Ithaca Entertainment

Directed by Andrew Wiener

Reviewed by Anthony C. Francis

What an extremely clever idea this is; The Frankenstein story is actually non-fiction and the monster still lives out in the Canadian wilderness murdering anyone who would cross his path. A descendant of the actual person, on whom the character of Victor Frankenstein was based, discovers the murders and, due to old papers written by his Great, Great, Great Grandfather, finds the area where the monster may be roaming. He sets out to find, and perhaps tame, the famous creature.

That, my humble horror fans, is a fun and original idea for a film. Unfortunately, that is where the fun stops. The filmmakers decide to go the tired route of the “found footage” sub-genre and, in doing so, completely drain all of the originality and interest out of the film. The film does not engage the use of the gimmick in any compelling way. The film becomes another by-the-books Blair Witch Project rip-off.

Jonathan Vekenheim, played with annoying jerkiness by newcomer Kris Lemche, sets off to the outer reaches of the Arctic Circle of Northern Canada with his skeptical film crew to document the journey. The crew is played by a trio of newcomers who bring nothing new to the craft of acting.  In fact, the one performance of any weight is that of the crusty old guide played by a good character actor from Ireland named Timothy V. Murphy. He plays a memorable IRA villain on FX’s great series Sons of Anarchy. Here he is fine but the character is written as homage to the role of Quint in Jaws that the filmmakers turn into more of a rip off. There is even a scene aping the great U.S.S Indianapolis speech from Jaws that Robert Shaw delivered so memorably. It is laid out almost identically, even down to the very diction Shaw used in his film, as Murphy’s character relates a story of his mates being eaten by a polar bear. The sequence is obvious and does not play.

Another sequence that does not work is where the crew goes to interview a drugged out “tweaker” who claims to have had an encounter with the titular monster. The filmmakers try to give us a twisted, black humored, scene where a bizarre character goes wild for our enjoyment. This is the kind of scene that works so well in the hands of Rob Zombie or Sam Raimi. Here the scene is laughably bad and falls flat.

There is an incredibly long set up to the proceedings. The film runs only 87 minutes yet the first 45 to 50 minutes is all exposition. Mind you, I enjoy good dialogue but after the 30 minute mark I was screaming for something to happen. I assume this is due to The Blair Witch Project’s style, but where that film slowly rolled out its suspense with interesting characterizations and dialogue that hinted at the horrors to come, this film becomes talky and boring.

Once the film moves into the wilderness it does do somewhat well in creating a suspenseful atmosphere with its howling wolves and spooky sounds in the cold, dark and snowy winter night. The director makes good use of a couple of night vision scenes where the actors sit scared inside their tent as the sounds of the wild surround them throughout the night.  Those moments give the film the ominous vibe that it has been struggling for, however, in the immortal words of playwright Neil Simon, “six days does not a week make.”

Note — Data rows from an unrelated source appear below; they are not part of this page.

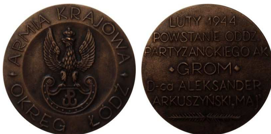
Armia Krajowa, Okręg Łódź. Luty 1944, Powstanie Oddz. Partyzanckiego AK 'Grom'. Projekt graficzny - Bohdan Borowski "Walek". Model i wykonanie - Teodor Kawecki - 1984 r. Odlew w brązie, Ø 75 mm
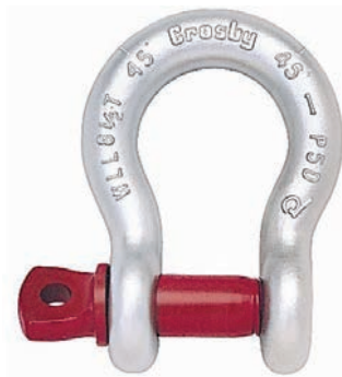
Grillete Tipo Lira G-209
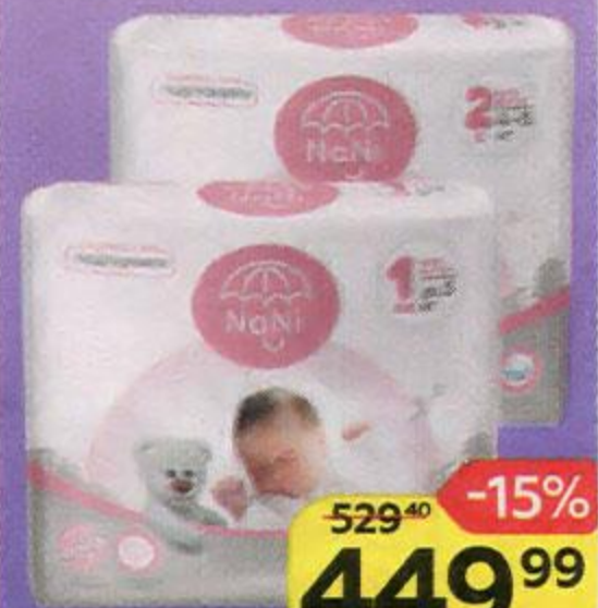
Подгузники NANI® 1NB (до 5 кг)/ 2S (4-8 кг), 27 шт.
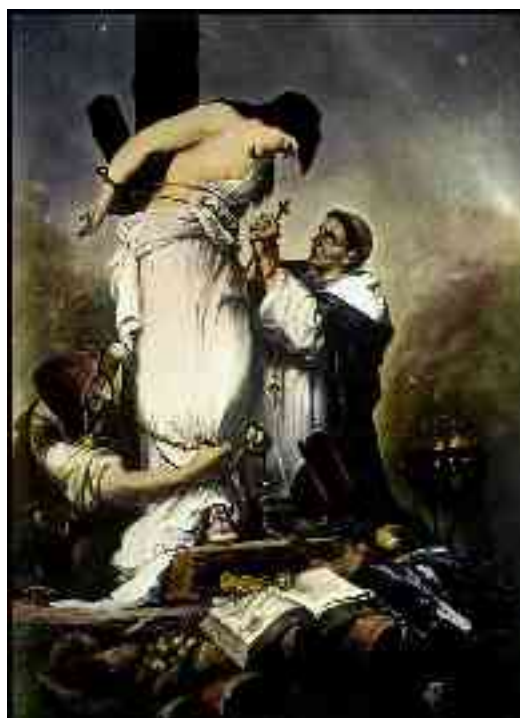
bruligo de sorĉistino en la 16a jarcento, anonima pentraĵo ĉ. 1860

Li naskiĝis kiel filo de lepsika familio de eruditoj. Li studis juron en la universitatoj Lipsiko kaj Frankfurto/Odro. Thomasius doktoriĝis en la jaro 1679. Post kleriga vojaĝo tra Nederlando li laboris dum mallonga tempo kiel advokato en sia naskiĝurbo. Baldaŭ li komencis labori kiel privata docento. En la jaro 1687 li same kiel antaŭ li Martin Luther uzis afiŝojn por publikigi. Li fiksas afiŝojn sur 14 lepskajn pordojn, per kiuj li informis per germana lingvo, ke okazos privata prelego en germana lingvo.
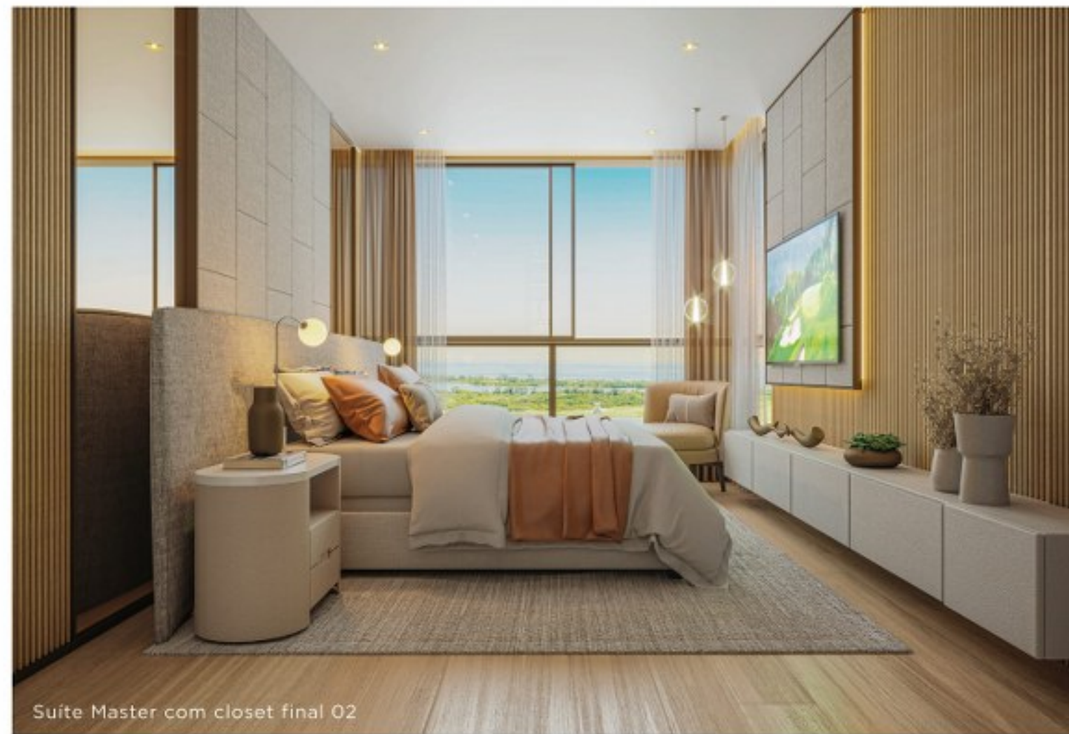
Suite Master com closet final 02
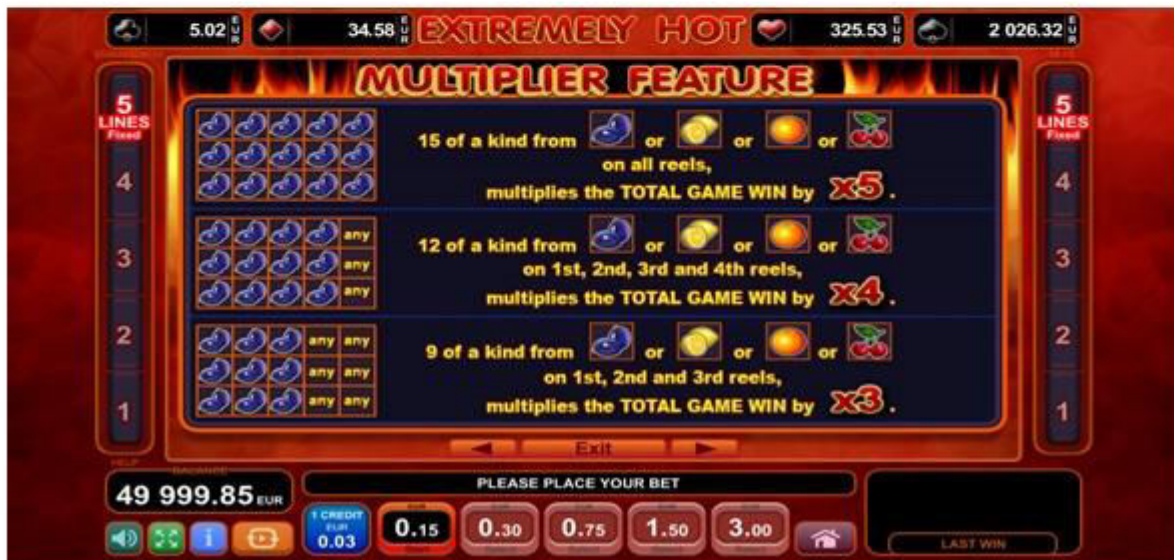
Fig. 3 Menù della Tabella pagamenti – Funzione Moltiplicatore
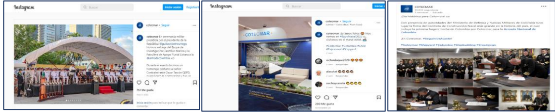
Ilustración 8. Enlaces seguidores redes sociales
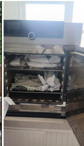
Uji laboratorium berat kering
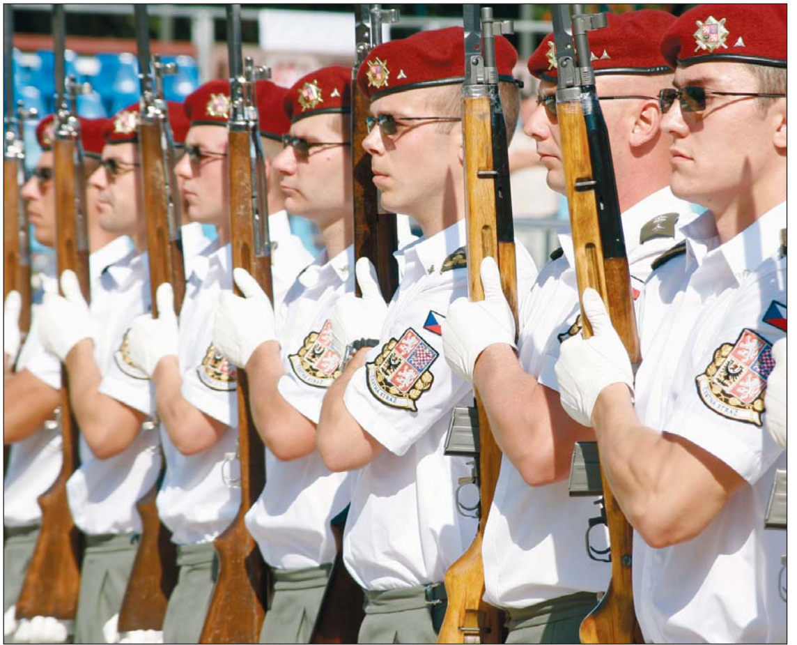
Ők már készen állnak a bemutatóra.

A fesztiválon most első alkalommal társul a díszelgéshez katonazene is, a Magyar Honvédség Központi Zenekara, Hódmezővásárhelyi Helyőrségi Zenekara, Szolnok Légió Zenekara és Székesfehérvár Helyőrségi Zenekara közreműködésével. A programok csütörtökön kezdődtek a „Most jó lenni katonának” című toborzó kiállítással a PPOP Regionális Igazgatóságán. Pénteken 9-től főpróbát tartottak a csapatokkal és zenekarokkal a sportcsarnok előtt. Délután 4-től fél hatig a Szinva teraszon, a Hősök terén és a Városház téren tartottak őrsváltást a díszelgő alegységek, majd felvonultak, és más bemutatókat is lehetett meg látni a belvárosban. Július 28-tól tekinthető meg a minorita templomban a magyar Szent Korona egyik hitelesített
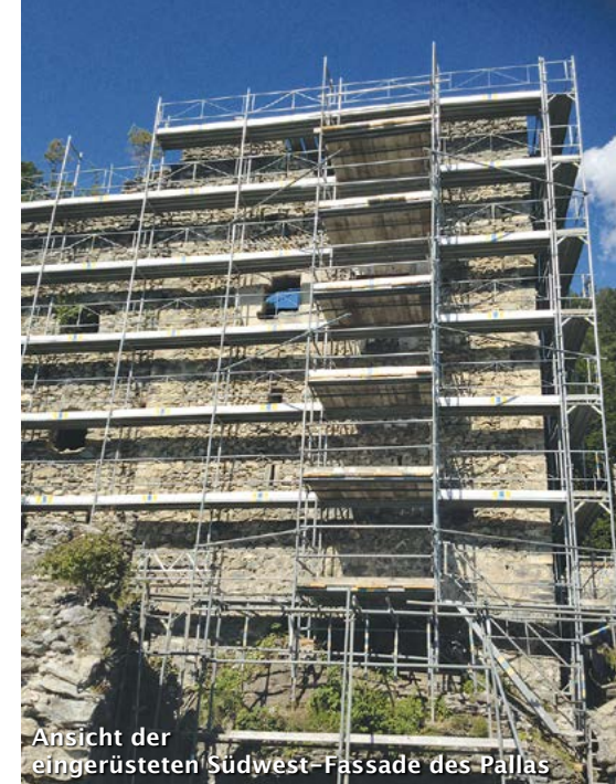
Ansicht der eingeringelten Südwest-Fassade des Pallas

Einer schönen und generösen Tradition folgend, belieferte uns am Dienstagmittag unser Mitglied Andreetta
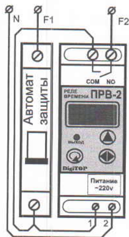
Монтажная схема подключения реле

143002, Россия, Московская обл., г. Одинцово, ул. Акуловская, 11а/стр. 3. Тел. +7(495)510-32-43
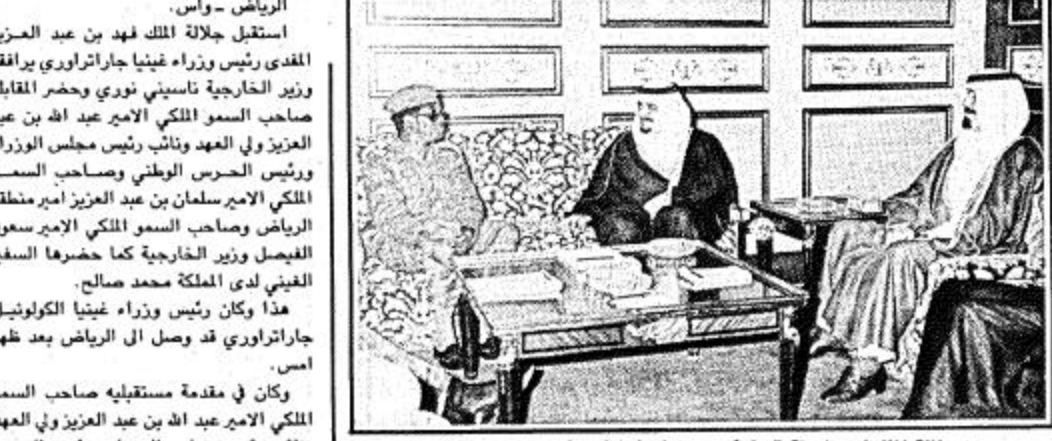
جلالة الملك لدى استقباله لرئيس وزراء غينيا بحضور سمو ولي العهد
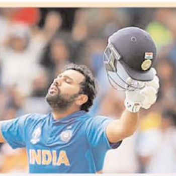
पहले सचिन तेंदुलकर, मोहं सिंह धोनी और विराट कोहली को यह अवार्ड मिल चुका है। तेंदुलकर पहले भारतीय क्रिकेटर थे, जिन्हें 1998 में खेल रत्न दिया गया था। धोनी को 2007 और कोहली को 2018 में वेटलिफ्टर मीराबाई चानू के साथ यह पुरस्कार मिला था। इससे पहले 2016 में बैडमिंटन खिलाड़ी पीवी सिंधु, जिमनास्ट दीपा कर्माकर, रेसलर साक्षी मलिक और शूटर जीतू राव को दिया गया था।
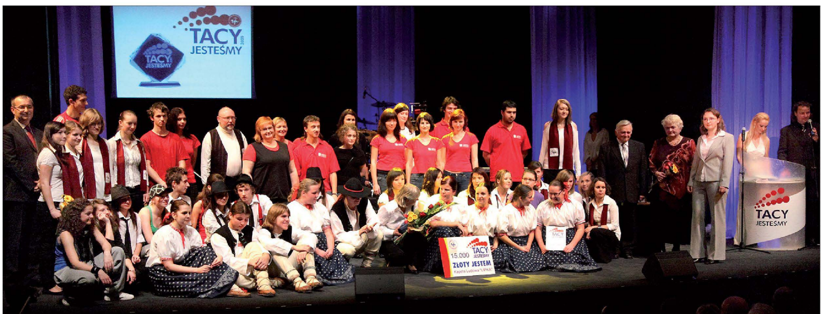
Województwo tradycyjnie wspiera finansowo imprezę „Tacy jesteśmy”, organizowaną przez Kongres Polaków w RC.

Kongres Polaków otrzymał po 70 tys. koron na dwa projekty – „Tacy jesteśmy” i prowadzenie Ośrodka Dokumentacyjnego, Zarząd Główny Polskiego Związku Kulturalno-Oświatowego 70 tys. na 5. Dzień Tradycji i Stroju Regionalnego oraz 56 tys. na wykłady Międzygeneracyjnego Uniwersytetu Regionalnego. 70 tys. koron województwo przyznało również Miejscowemu Kołu PZKO w Hawierzowie-Błędowicach na 41. Dożynki Śląskie. Z kolei Stowarzyszenie Przyjaciół Polskiej Książki otrzyma na projekt „Z książką na walizkach 2010” dotację w wysokości
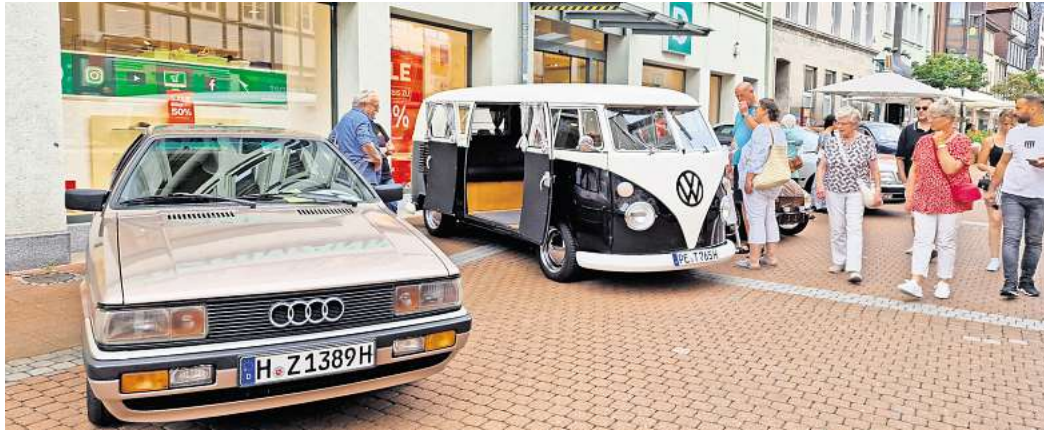
Neben neuen Autos sind beim Brawo Mobility Summer auch Oldtimer in der Innenstadt ausgestellt.

Unfortunately, there isn’t much more to say about the film. It is too undercooked and bland to get excited about. It is the kind of horror film that can be used as an example for the argument that “nothing ever happens in found footage films” and how they are “too boring”. This film is all of that and less.

Since the modus operandi of horror these days is to rip off every other film, I hope that someone will take this great idea of the Frankenstein monster as non-fiction and give us a film with cohesive structure, interesting characters, and chilling horror. The Frankenstein Theory is not that film.